Cuando el doctor Tróccoli dijo “señora, le queda poco”, le pregunté cuánto era poco. Me contestó que, en Europa, al día de hoy —aunque cada vez menos—, aparecen artefactos explosivos lanzados de la Segunda Guerra Mundial, y que, a pesar del tiempo transcurrido, esos aparatos aún pueden explotar. “Usted es como uno de esos”, cerró la frase.
Empecé a llorar ahí nomás. Necesitaba un abrazo, pero no había nadie para dármelo. Los últimos dos años, tras la muerte de Federico, la pelea con mi hermano y la partida de Azul —mi única hija— al exterior, me había sentido sola. Pero nunca tanto como en ese momento.
Ahí mismo, el doctor me comentó que había unas nuevas prácticas experimentales para casos como el que me ocurría a mí, que podían probarse gratis.
—¿En qué…? —interrumpí mi pregunta para que mi voz no sonara tomada por el llanto y, después de contenerlo, retomé—. ¿En qué consiste el tratamiento?
—En su caso, lo que haríamos es poner una mezcla de ácidos sobre determinados puntos del cuerpo y, sobre esas superficies, se liberan descargas eléctricas de muy baja intensidad… prácticamente nulas —dijo mientras gesticulaba con una mano en el aire.

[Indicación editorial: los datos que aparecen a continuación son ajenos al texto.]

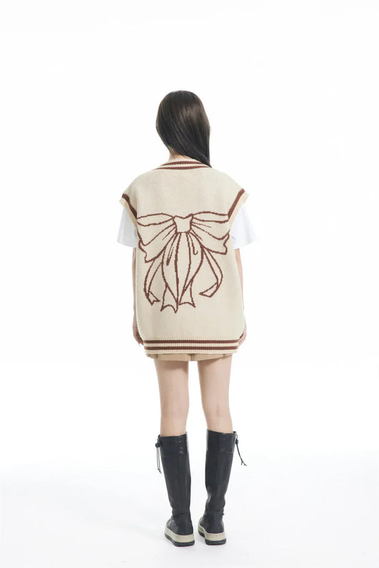 İNDİRİM 39%Cozy Chill Season Bow Print Long Sleeve Sweater
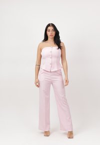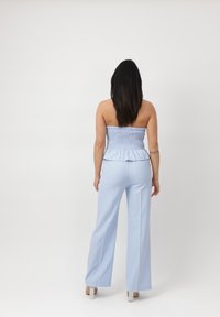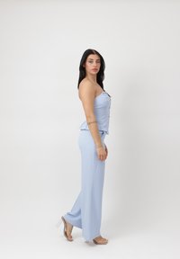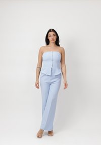 Frau steht vor einem einfarbigen Hintergrund, trägt ein hellblaues, schulterfreies, geknöpftes Top mit passenden weit geschnittenen Hosen und durchsichtigen High Heels.

—¿Ácido? —habré preguntado en voz alta.
—Sí, son unos ácidos artificiales. Esto es una tecnología probada en Denver por un equipo de la Universidad de… —no dijo cuál—. En nuestro caso, aplicamos la mezcla de ácidos, que contiene ADN y ARN, entre otros, producidos en Trinidad y Tobago.
—¿No era de Denver?
—La tecn… la idea es de Denver. Lo demás… Pero no se preocupe que es todo seguro. Tenemos un gel de hongos de pino por si hay que apagar algún incendio.
Acepté. La llamé a mi hija ahí en el consultorio porque el tratamiento me lo harían en ese momento. Ella me sugirió no hacerlo y me dijo que le gustaría estar para acompañarme. No le creí.
En el quirófano, yo tenía anestesia local en muñecas, tobillos, ingles hombros. Una tela separaba mi cabeza del resto de mi cuerpo y la intervención, pero podía escuchar todo lo que decían.
Después de comentarme el doctor Tróccoli que empezaba el tratamiento, ordenó:
—Ácido —y escuché ruido de que me aplicaban algo—. Descarga —una máquina hizo ruidos electrónicos y no sentí nada—. Descarga —repitió—. Gel de hongos.
—Tiene fuego —escuché que susurró otro.
—Gel —repitió el doctor—. Apagalo.
—No funciona.
—¡Apagalo, boludo! —gritó el doctor.